■ Problem details
Copy, word for word, the lines of the entries below between the one with "Allison Daley Provence" and the one with "Сайт компании оформлен", inclusive, and leave out everything else.

■ Records for this task
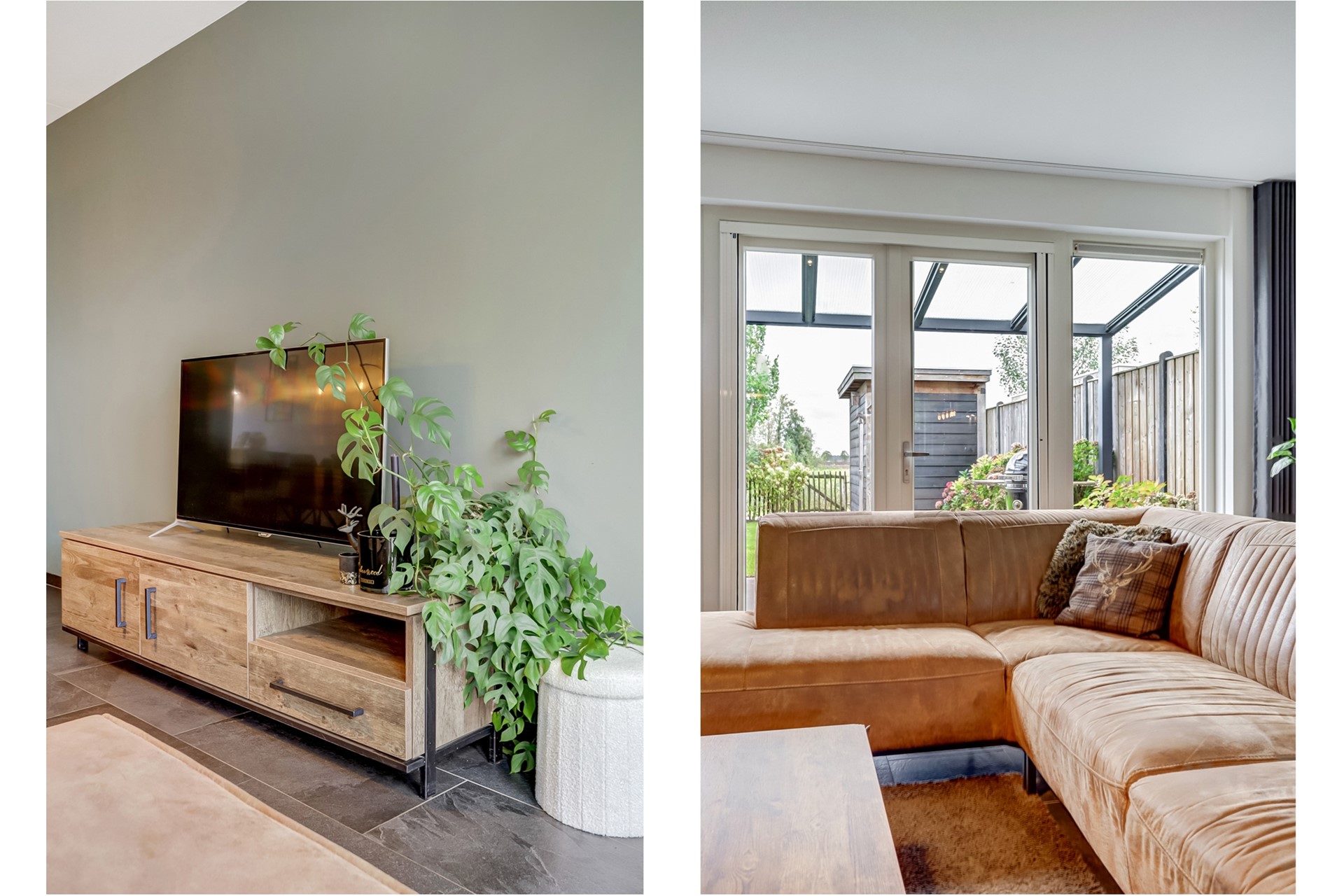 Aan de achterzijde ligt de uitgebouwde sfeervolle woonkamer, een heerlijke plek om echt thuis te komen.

...

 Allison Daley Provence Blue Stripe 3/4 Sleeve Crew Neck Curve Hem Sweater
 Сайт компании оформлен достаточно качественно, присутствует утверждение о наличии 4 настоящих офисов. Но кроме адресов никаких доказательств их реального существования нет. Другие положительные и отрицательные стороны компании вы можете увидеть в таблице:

■ The answer
 Allison Daley Provence Blue Stripe 3/4 Sleeve Crew Neck Curve Hem Sweater
 Сайт компании оформлен достаточно качественно, присутствует утверждение о наличии 4 настоящих офисов. Но кроме адресов никаких доказательств их реального существования нет. Другие положительные и отрицательные стороны компании вы можете увидеть в таблице:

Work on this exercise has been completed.